++++ DATASET RECORDS ++++
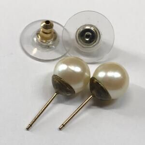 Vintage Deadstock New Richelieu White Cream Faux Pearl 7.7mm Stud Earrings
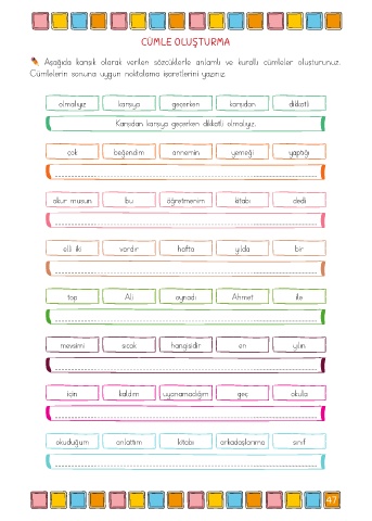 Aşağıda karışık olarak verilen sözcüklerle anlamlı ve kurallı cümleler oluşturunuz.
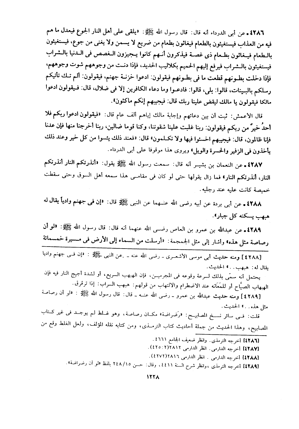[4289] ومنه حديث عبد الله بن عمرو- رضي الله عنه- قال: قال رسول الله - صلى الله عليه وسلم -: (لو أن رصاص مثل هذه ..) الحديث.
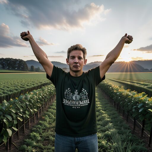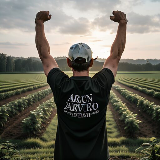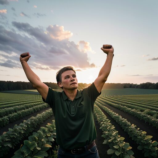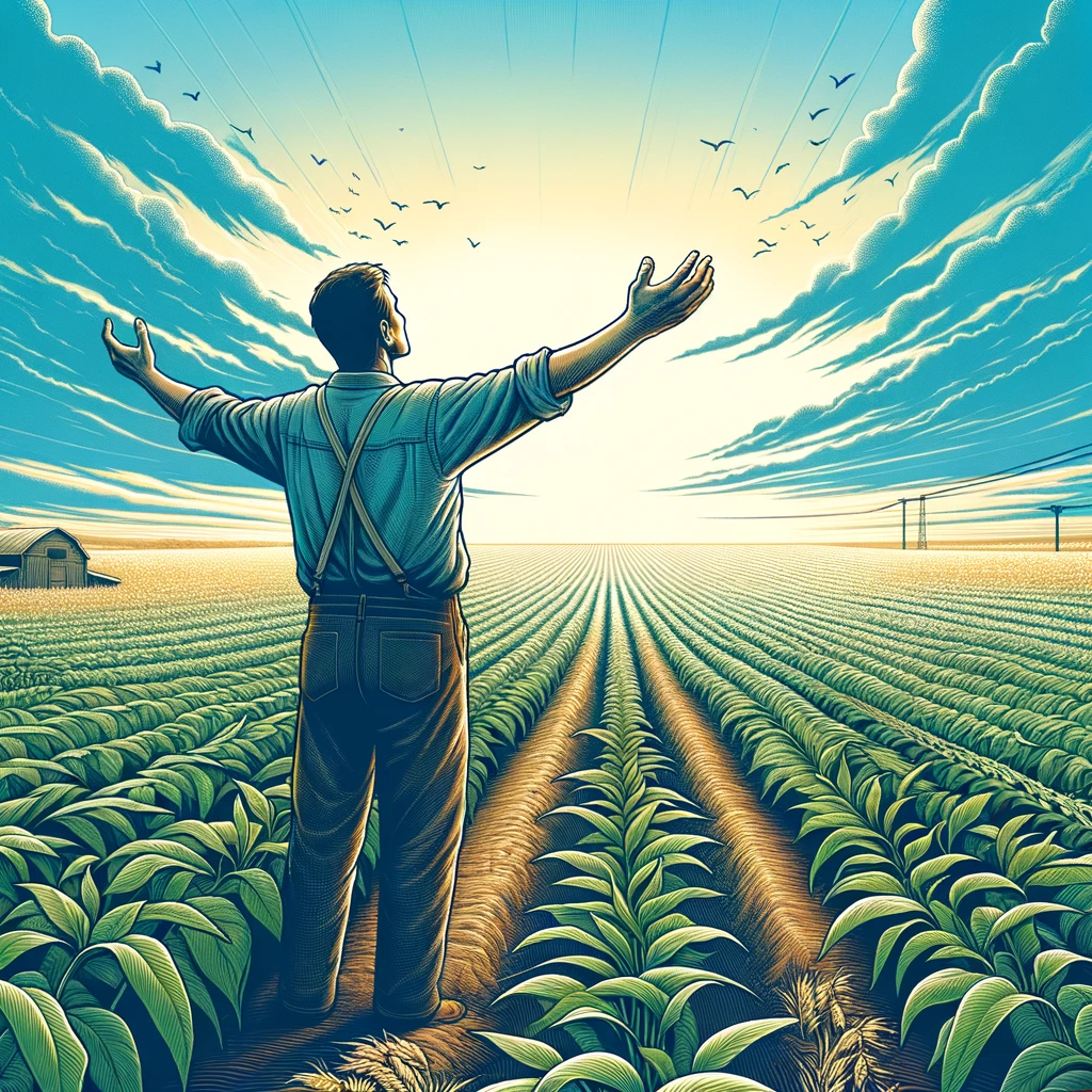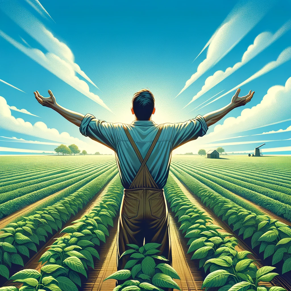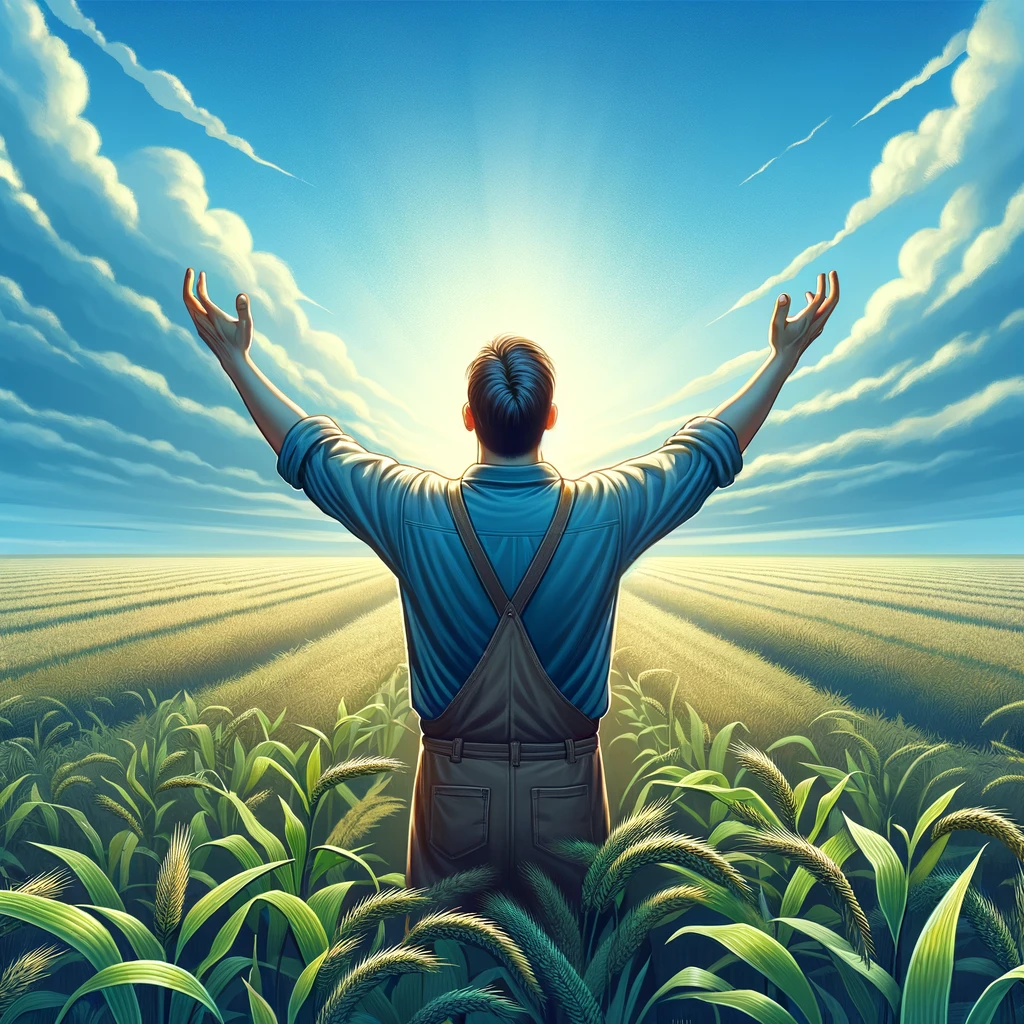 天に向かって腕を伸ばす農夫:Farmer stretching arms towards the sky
++++
++++ DATASET RECORDS ++++
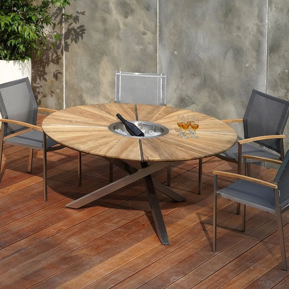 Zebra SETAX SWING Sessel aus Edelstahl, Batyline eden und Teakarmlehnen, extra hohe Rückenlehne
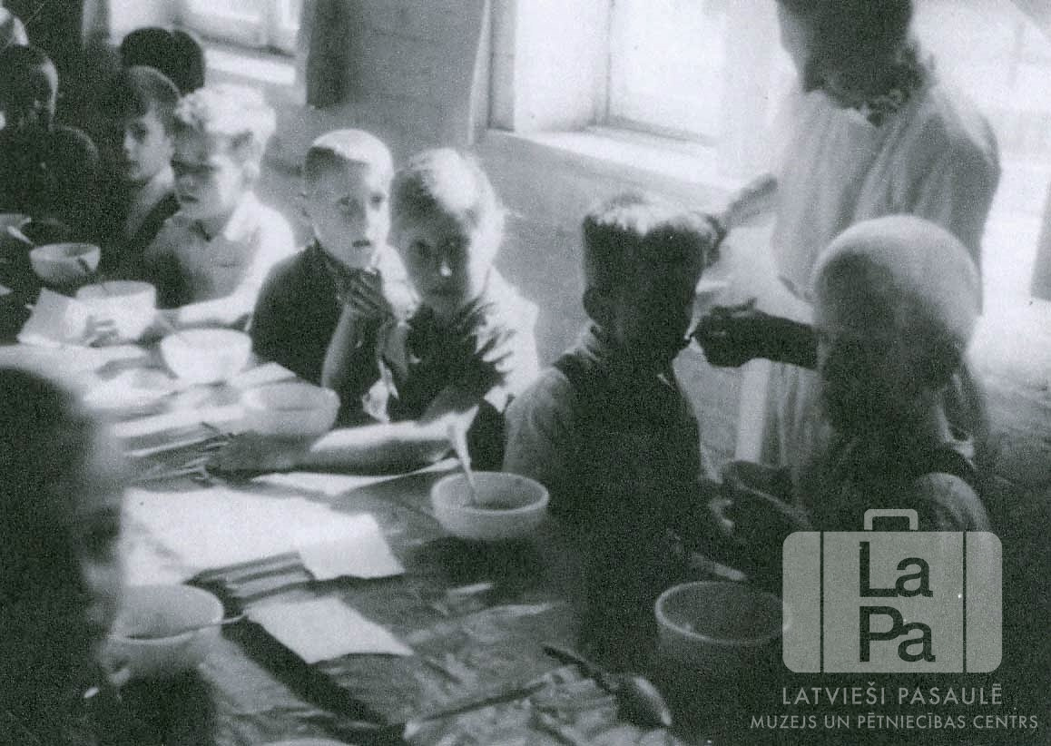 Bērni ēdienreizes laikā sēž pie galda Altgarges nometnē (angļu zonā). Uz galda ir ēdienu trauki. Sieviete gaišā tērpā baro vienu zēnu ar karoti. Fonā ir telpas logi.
++++
++++ DATASET RECORDS ++++
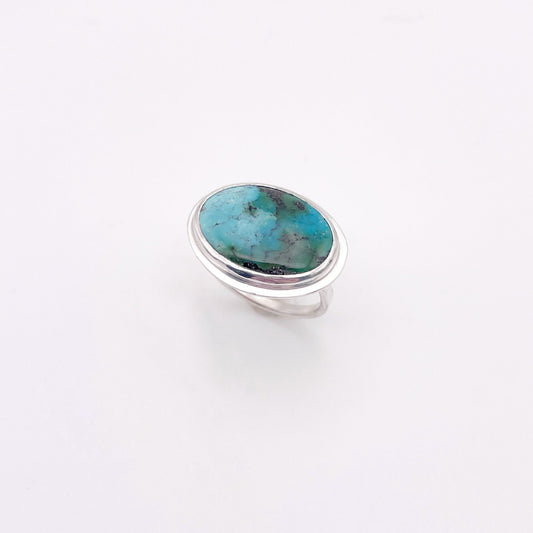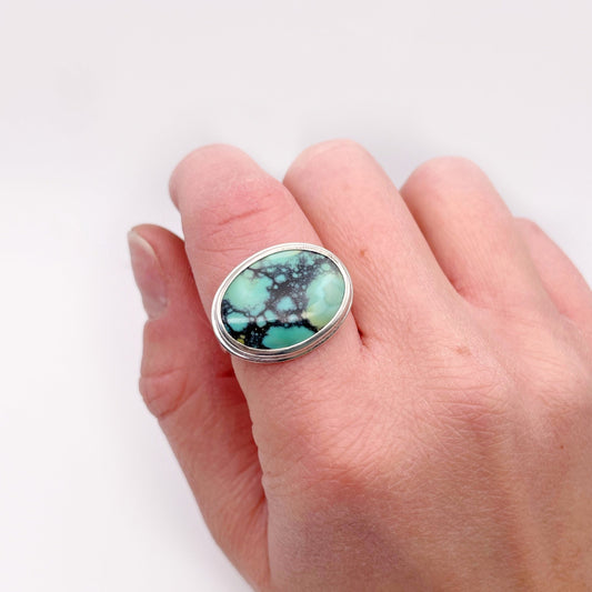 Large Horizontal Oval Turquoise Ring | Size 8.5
++++
§ WHAT TO DO:
Although the records above contain pictures, the copy must not; set down exactly the lines from the one with "Aşağıda karışık olarak" up to and including the one with "天に向かって腕を伸ばす農夫:Farmer stretching arms".

§ REPLY TO THE TASK:
 Aşağıda karışık olarak verilen sözcüklerle anlamlı ve kurallı cümleler oluşturunuz.
[4289] ومنه حديث عبد الله بن عمرو- رضي الله عنه- قال: قال رسول الله - صلى الله عليه وسلم -: (لو أن رصاص مثل هذه ..) الحديث.
 天に向かって腕を伸ばす農夫:Farmer stretching arms towards the sky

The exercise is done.